Uni Eropa Gelar Pertemuan Bahas Pengungsi dari Afghanistan
Gelombang migran Afghanistan kemungkinan akan memperburuk ketegangan di Eropa
REPUBLIKA.CO.ID, BRUSSELS -- Para menteri kehakiman dan urusan dalam negeri Uni Eropa (UE) melakukan pertemuan di Berlin, Jerman, pada Selasa (31/8). Pertemuan digelar untuk membahas pengambilalihan Taliban atas Afghanistan dan cara Eropa akan menangani arus pengungsi serta migran.

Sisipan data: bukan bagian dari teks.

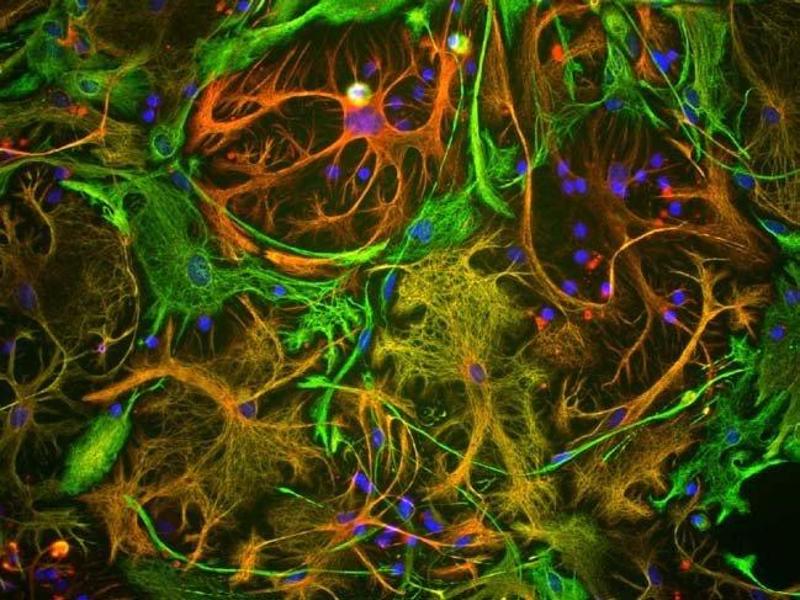 - Vimentin is a protein subunit of 10 nm or intermediate filaments, which are major components of the cytoskeleton in most cell types. Vimentin is the major intemediate filament subunit found in mesenchymal cells, and was first named and characterized in a collaborative study from the labs of German scientists Werner Franke and Klaus Weber. The name derives from the Latin Vimentum, meaning arrays of flexible rods such as in lattices, filigrees and wicker-work, which describes the intermediate filament network quite well. Vimentin is also found in many cell types in tissue culture, most notably fibroblasts, and in developing neuronal and astrocytic precursor cells in the central nervous system. Many cell lines such as Hek293, HeLa, 3T3 and Cos cells contain prominent vimentin networks. Vimentin frequently forms copolymers with other intermediate filament proteins, such as GFAP (in astrocytes, ependymal cells and neural stem cells), with desmin (in muscle and endothelial cells) and neurofilament proteins (in developing neurons). A E151K point mutation in the vimentin gene was shown to be causative of an autosomal dominant pulverulent cataract disease, but so far only in a single patient. Vimentin is a major protein of eye lens and cornea, and this mutation renders the molecule unable assemble into normal 10 nm filaments. Antibodies to vimentin are useful in studies of stem cells and generally to reveal the filamentous cytoskeleton. The immunogen used to generate our antibody was recombinant human vimentin expressed in and purified from E. coli. The same immunogen was used to produce our other monoclonal antibody to vimentin MCA-2D1. We also market a very popular chicken polyclonal antibody to vimentin, CPCA-Vim. The HGNC name for this protein is VIM.

"Sangat penting bahwa kita berada dalam posisi di mana kita dapat menghindari krisis kemanusiaan, krisis migrasi, dan ancaman keamanan dari Afghanistan," kata Komisaris Eropa untuk Urusan Dalam Negeri Ylva Johansson sebelum pertemuan para menteri.
Pertemuan itu terjadi sehari setelah pasukan terakhir Amerika Serikat (AS) terbang keluar dari bandara internasional Kabul. Blok yang terdiri dari 27 negara ini sedang mencari cara untuk mencegah terulangnya krisis pengungsi 2015 yang dipicu oleh perang saudara Suriah.
Kedatangan lebih dari satu juta migran di Eropa pada tahun itu menyebabkan pertikaian di antara negara-negara anggota UE tentang cara terbaik untuk mengelola arus masuk. Gelombang baru migran dari Afghanistan kemungkinan akan memperburuk ketegangan.
UE kemungkinan akan menyediakan dana untuk menampung pengungsi di negara-negara yang berbatasan dengan Afghanistan untuk mencegah menuju Eropa. "Namun, kemudian kita perlu bertindak sekarang dan tidak menunggu sampai ada arus besar orang di perbatasan luar kita atau sampai kita memiliki organisasi teroris yang lebih kuat," kata Johansson.
"Jadi itulah mengapa kita perlu bertindak sekarang untuk mendukung orang-orang di Afghanistan, di negara-negara tetangga, dan bekerja sama dengan organisasi internasional," ujar Johansson.
Kanselir Austria Sebastian Kurz menjelaskan negaranya tidak akan mendukung sistem untuk mendistribusikan pengungsi dari Afghanistan ke seluruh UE. Dia menegaskan Austria sudah memiliki komunitas Afghanistan terbesar keempat di seluruh dunia. Ditanya tentang proposal untuk semua negara UE untuk berbagi beban dalam menerima pengungsi, Kurz mengatakan Austria telah menerima bagian yang lebih besar dari proporsi migran sejak 2015.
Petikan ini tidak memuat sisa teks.